__What you should do__. Only the lines from the beginning of the listing below through the line with "- 使用している古材にはその" belong in the answer; please print them exactly and drop the pictures.

__Supplied information__.

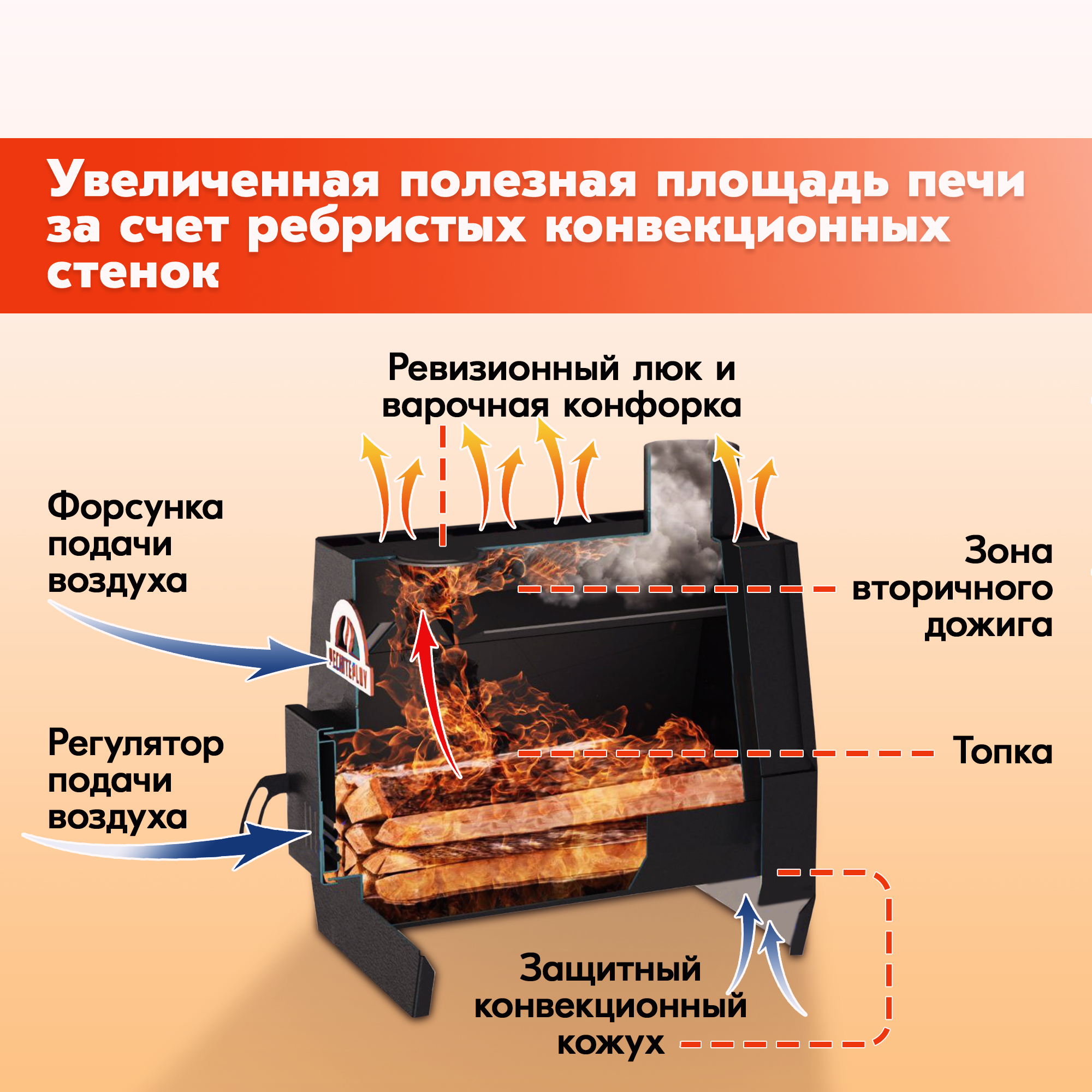 Боковые стенки - это конвекторы, которые увеличивают полезную площадь печи. Благодаря такой конструкции максимально эффективно прогревается окружающий воздух и создается циркуляция теплого потока в помещении.
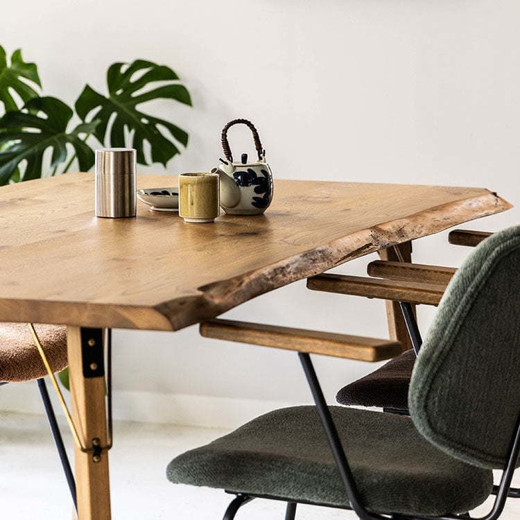- 使用している古材にはその特性と風合いを生かして表現するような加工を施しております。そのため「天板の凹凸」「補修跡」「木材の表情が一点一点異なる」「色の濃淡割れや釘穴、連結穴の跡」「板の継ぎ目が浮き出て見えるようなライン」などの特徴がございます。長年ご使用いただくことを想定して強度や構造を設計・製造しておりますので、安心してご利用いただくことができます。
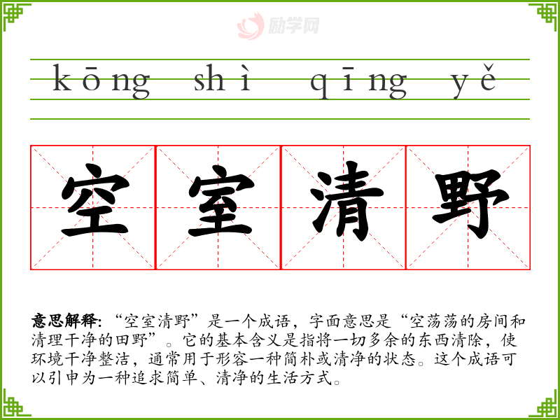 “空室清野”是一个成语,字面意思是“空荡荡的房间和清理干净的田野”。它的基本含义是指将一切多余的东西清除,使环境干净整洁,通常用于形容一种简朴或清净的状态。这个成语可以引申为一种追求简单、清净的生活方式。

__Result for this exercise__.
 Боковые стенки - это конвекторы, которые увеличивают полезную площадь печи. Благодаря такой конструкции максимально эффективно прогревается окружающий воздух и создается циркуляция теплого потока в помещении.
- 使用している古材にはその特性と風合いを生かして表現するような加工を施しております。そのため「天板の凹凸」「補修跡」「木材の表情が一点一点異なる」「色の濃淡割れや釘穴、連結穴の跡」「板の継ぎ目が浮き出て見えるようなライン」などの特徴がございます。長年ご使用いただくことを想定して強度や構造を設計・製造しておりますので、安心してご利用いただくことができます。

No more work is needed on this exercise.